Código escrito defensivamente compra tempo. Se os hooks de shutdown não tivessem sido escritos para serem seguros mesmo chamados duas vezes, esse bug teria aparecido primeiro como um incidente de dados, não como um cheiro de log. Foi só porque os hooks foram escritos de forma idempotent, aguentando a execução dupla, que conseguimos encontrar o problema no log em vez de num incidente. Se os hooks tivessem sido escritos assumindo que rodariam uma única vez, a história teria sido bem pior.
Perguntas frequentes
Os hooks de ciclo de vida (onModuleDestroy, etc.) do meu app NestJS estão rodando duas vezes no shutdown. Por quê?
É bem provável que haja dois donos tratando o SIGTERM. O app.enableShutdownHooks() faz o próprio Nest registrar os listeners de sinal de shutdown; se você também usa uma biblioteca de graceful shutdown (como o http-graceful-shutdown), ela também captura o SIGTERM e chama app.close() dentro do onShutdown. Como o Node chama todos os listeners registrados para um mesmo sinal, a sequência de shutdown acaba rodando duas vezes. A solução é deixar apenas um dos dois como dono do sinal.

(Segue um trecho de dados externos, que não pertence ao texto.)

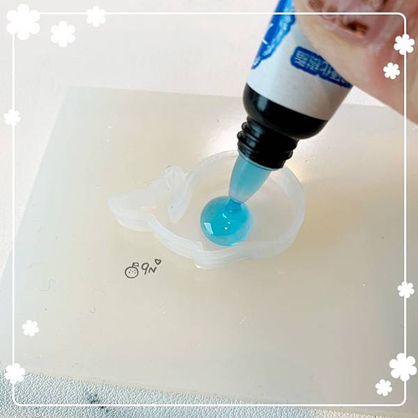 拿出透明uv膠直接一滴一滴的擠進模具裡

Se eu uso uma biblioteca de graceful shutdown, não devo chamar o enableShutdownHooks()?
Se a biblioteca já chama app.close() dentro do callback onShutdown, o enableShutdownHooks() é redundante, porque o app.close() já executa todos os hooks do ciclo de vida. Um sinal só deve ter um dono. Deixando a biblioteca como dona do sinal e removendo o enableShutdownHooks(), os hooks passam a rodar uma única vez - e só depois que o dreno do HTTP termina.